Trupia v. Lake George Central School District, 14 NY3d 392 (2010)
Last spring, the Court of Appeals clarified the limited availability under New York law of the doctrine of assumption of risk as a complete defense to claims of negligence in suits involving personal injuries. The underlying facts of the case were straightforward: a child was injured during a summer program administered by the defendant school district when he slid down and fell off of a banister, and was seriously injured. The case came to the court on appeal from the Appellate Division, Third Department, which had ruled that the defendant school district should not be allowed to amend its complaint to add a defense of assumption of risk.
Historically, the defenses of contributory negligence and assumption of risk could completely bar a plaintiff’s recovery for personal injuries. In 1975, however, New York adopted CPLR 1411, which abolished these defenses as complete bars to recovery and put in place a system of comparative fault, where “[i]n any action to recover damages for personal injury, injury to property, or wrongful death . . . the amount of damages otherwise recoverable shall be diminished in the proportion which the culpable conduct attributable to the claimant or decedent bears to the culpable conduct which caused the damages.”
Despite the statutory change, however, the doctrine of assumption of risk continued to play a role in New York Law. In particular, numerous cases over the years have held that the participants in many “athletic and recreative activities,” i.e., sports, are deemed to assume the risks of engaging in those activities such that they cannot recover for foreseeable injuries sustained from such participation. At issue in Trupia was whether the continued viability of the assumption of risk defense should be limited to “athletic and recreative activities”, or whether, as some lower courts had held, it could be asserted in a broader context on the theory that “by freely assuming a known risk, a plaintiff commensurately negates any duty on the part of the defendant to safeguard him or her from the risk.” Trupia (citations omitted).

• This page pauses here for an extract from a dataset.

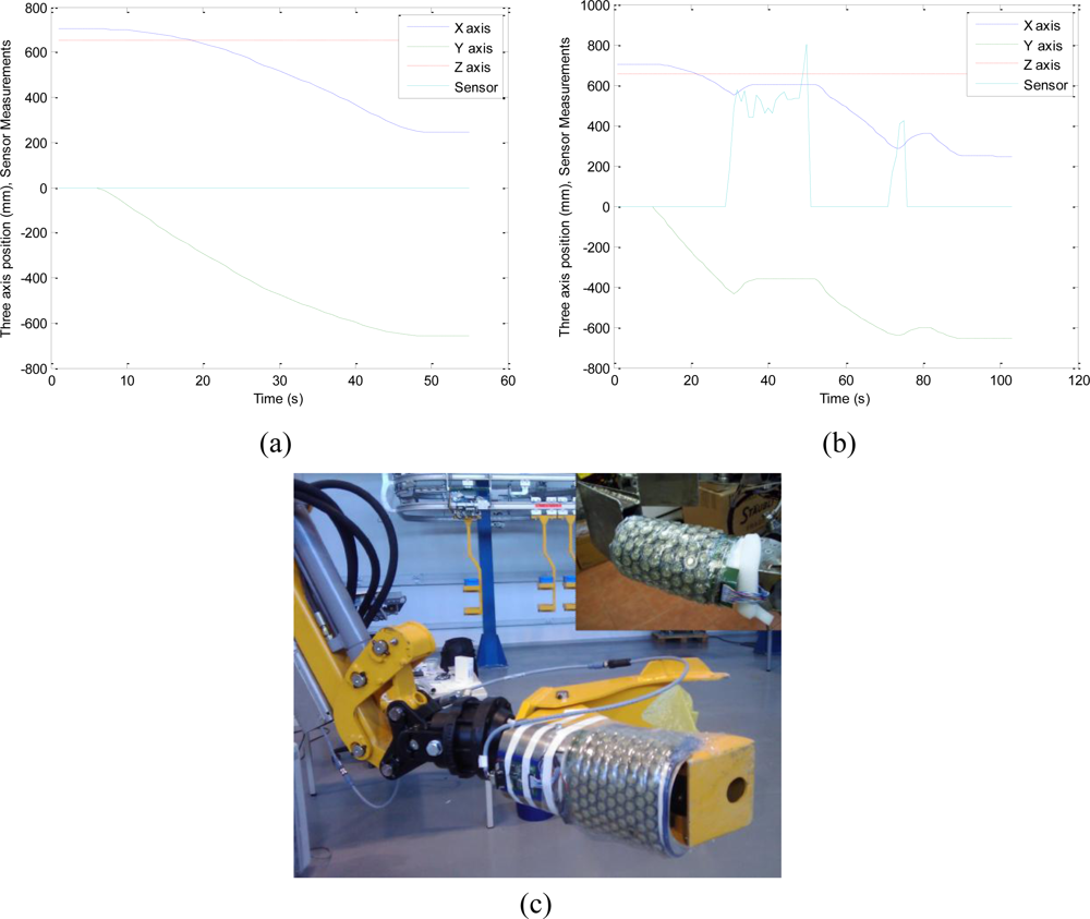 Figure 13 illustrates this behavior. It shows the Cartesian coordinates x, y, z, referred to the base reference system of the robot as well as the average force registered by the tactels whose readings are higher than a certain threshold. Figure 13(a) shows a circular trajectory followed by the manipulator when no contact is detected, while Figure 13(b) shows the described reactive behavior when the manipulator makes contact with an obstacle twice. The first time the contact remains even when the manipulator has moved back, and the second time the contact is undone before the manipulator completes the backward movement, therefore the robot resumes its task. This behavior would keep people safe as well as objects surrounding the rescue robot and the robot itself.

The Court of Appeals rejected any broader application of assumption of risk beyond those cases involving “athletic and recreative activities.” The Court found that society has deemed vigorous participation in athletic and recreative activities of sufficient value and importance that liability for injuries sustained by participants in these activities must have limits in order to encourage such participation. Conversely, there is no societal consensus that “horseplay,” such as was involved in Trupia, needs special protection or encouragement. Furthermore, the Court found, allowing a general application of the doctrine of assumption of risk to the injuries sustained by children would completely negate the duty of supervision which entities such as the defendant school district owe to children. As the Court noted, if a child’s own conduct contributed in some measure to his injuries, “that would be appropriately taken into account of within a comparative fault allocation; it is not a predicate upon which an assumption of risk should be permitted to be applied.”
Trupia refrained from defining “athletic and recreative activities.” Consequently, there will likely be debate in the courts for some time as to whether particular activities fall under this rubric so as to allow or bar an assertion of the assumption of risk defense.